* **Data under study**
Start of Block
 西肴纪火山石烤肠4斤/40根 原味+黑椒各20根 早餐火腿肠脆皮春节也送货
End of Block
Start of Block
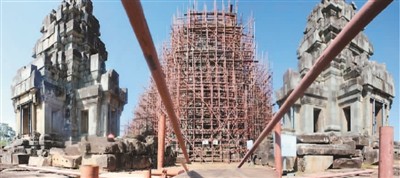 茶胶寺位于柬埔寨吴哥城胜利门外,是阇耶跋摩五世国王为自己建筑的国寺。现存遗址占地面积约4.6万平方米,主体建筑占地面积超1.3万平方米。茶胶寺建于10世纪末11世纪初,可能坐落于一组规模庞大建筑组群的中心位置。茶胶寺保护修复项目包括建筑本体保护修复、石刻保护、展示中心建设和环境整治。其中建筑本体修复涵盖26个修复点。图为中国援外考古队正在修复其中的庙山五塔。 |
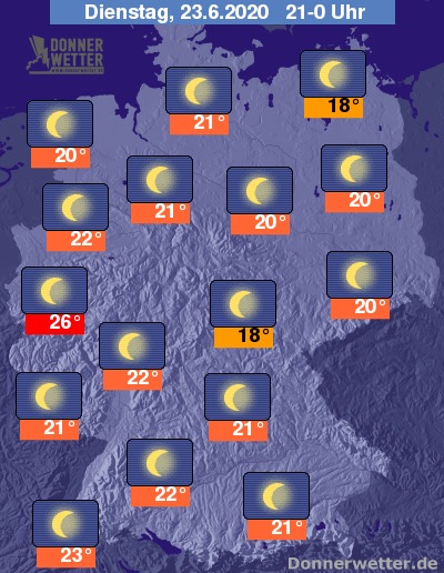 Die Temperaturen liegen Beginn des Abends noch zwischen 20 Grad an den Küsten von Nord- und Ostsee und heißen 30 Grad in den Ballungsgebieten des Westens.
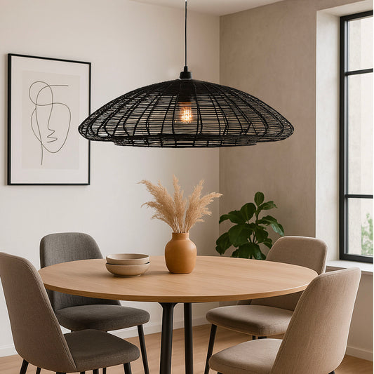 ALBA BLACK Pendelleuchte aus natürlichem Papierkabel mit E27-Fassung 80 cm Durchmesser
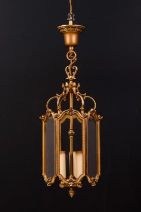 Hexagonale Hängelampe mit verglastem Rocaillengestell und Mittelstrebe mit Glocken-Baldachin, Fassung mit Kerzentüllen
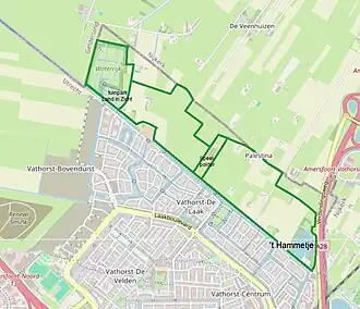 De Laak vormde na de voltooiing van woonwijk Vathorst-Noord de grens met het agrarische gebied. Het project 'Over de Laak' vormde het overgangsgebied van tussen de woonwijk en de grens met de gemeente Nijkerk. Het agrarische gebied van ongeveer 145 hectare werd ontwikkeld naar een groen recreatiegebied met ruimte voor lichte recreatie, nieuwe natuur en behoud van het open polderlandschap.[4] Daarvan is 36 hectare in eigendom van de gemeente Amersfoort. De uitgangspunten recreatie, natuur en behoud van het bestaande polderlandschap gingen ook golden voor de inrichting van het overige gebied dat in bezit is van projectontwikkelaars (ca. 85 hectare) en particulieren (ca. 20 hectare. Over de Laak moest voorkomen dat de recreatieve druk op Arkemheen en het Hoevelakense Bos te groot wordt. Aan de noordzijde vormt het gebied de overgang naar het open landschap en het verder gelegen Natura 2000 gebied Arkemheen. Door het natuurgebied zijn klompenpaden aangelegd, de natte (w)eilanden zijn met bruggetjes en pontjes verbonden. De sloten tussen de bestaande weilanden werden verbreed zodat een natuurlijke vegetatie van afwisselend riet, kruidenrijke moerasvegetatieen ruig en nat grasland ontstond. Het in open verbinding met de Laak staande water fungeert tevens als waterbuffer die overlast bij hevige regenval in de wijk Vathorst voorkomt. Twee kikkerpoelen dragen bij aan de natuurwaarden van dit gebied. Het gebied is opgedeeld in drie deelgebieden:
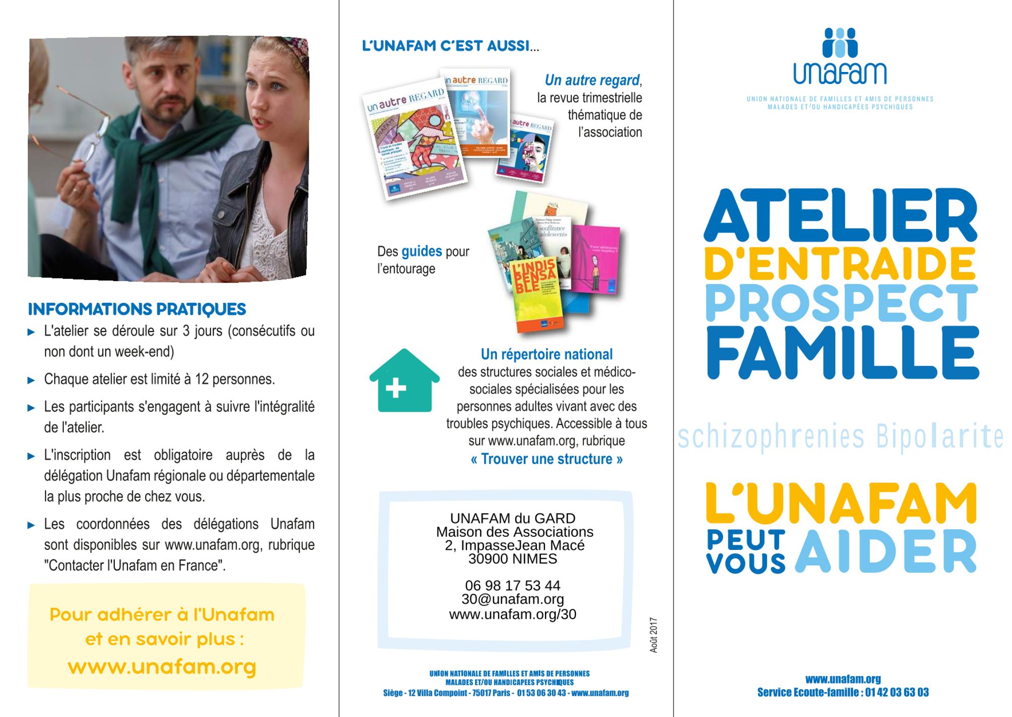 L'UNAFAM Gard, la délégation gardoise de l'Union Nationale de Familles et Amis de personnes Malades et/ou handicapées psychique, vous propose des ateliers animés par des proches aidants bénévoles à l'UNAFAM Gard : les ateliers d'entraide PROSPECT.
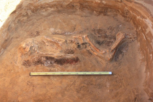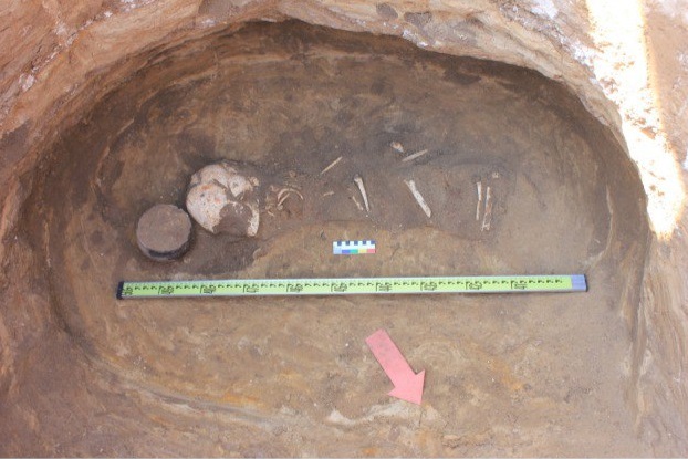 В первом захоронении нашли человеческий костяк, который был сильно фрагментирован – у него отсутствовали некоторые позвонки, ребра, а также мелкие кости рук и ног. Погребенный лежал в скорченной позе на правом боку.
End of Block
* **Work order**
Return exactly the lines of the material above, starting at the line containing "茶胶寺位于柬埔寨吴哥城胜利门" and finishing at the line containing "De Laak vormde", without any pictures.

* **Exercise result**
 茶胶寺位于柬埔寨吴哥城胜利门外,是阇耶跋摩五世国王为自己建筑的国寺。现存遗址占地面积约4.6万平方米,主体建筑占地面积超1.3万平方米。茶胶寺建于10世纪末11世纪初,可能坐落于一组规模庞大建筑组群的中心位置。茶胶寺保护修复项目包括建筑本体保护修复、石刻保护、展示中心建设和环境整治。其中建筑本体修复涵盖26个修复点。图为中国援外考古队正在修复其中的庙山五塔。 |
 Die Temperaturen liegen Beginn des Abends noch zwischen 20 Grad an den Küsten von Nord- und Ostsee und heißen 30 Grad in den Ballungsgebieten des Westens.
 ALBA BLACK Pendelleuchte aus natürlichem Papierkabel mit E27-Fassung 80 cm Durchmesser
 Hexagonale Hängelampe mit verglastem Rocaillengestell und Mittelstrebe mit Glocken-Baldachin, Fassung mit Kerzentüllen
 De Laak vormde na de voltooiing van woonwijk Vathorst-Noord de grens met het agrarische gebied. Het project 'Over de Laak' vormde het overgangsgebied van tussen de woonwijk en de grens met de gemeente Nijkerk. Het agrarische gebied van ongeveer 145 hectare werd ontwikkeld naar een groen recreatiegebied met ruimte voor lichte recreatie, nieuwe natuur en behoud van het open polderlandschap.[4] Daarvan is 36 hectare in eigendom van de gemeente Amersfoort. De uitgangspunten recreatie, natuur en behoud van het bestaande polderlandschap gingen ook golden voor de inrichting van het overige gebied dat in bezit is van projectontwikkelaars (ca. 85 hectare) en particulieren (ca. 20 hectare. Over de Laak moest voorkomen dat de recreatieve druk op Arkemheen en het Hoevelakense Bos te groot wordt. Aan de noordzijde vormt het gebied de overgang naar het open landschap en het verder gelegen Natura 2000 gebied Arkemheen. Door het natuurgebied zijn klompenpaden aangelegd, de natte (w)eilanden zijn met bruggetjes en pontjes verbonden. De sloten tussen de bestaande weilanden werden verbreed zodat een natuurlijke vegetatie van afwisselend riet, kruidenrijke moerasvegetatieen ruig en nat grasland ontstond. Het in open verbinding met de Laak staande water fungeert tevens als waterbuffer die overlast bij hevige regenval in de wijk Vathorst voorkomt. Twee kikkerpoelen dragen bij aan de natuurwaarden van dit gebied. Het gebied is opgedeeld in drie deelgebieden:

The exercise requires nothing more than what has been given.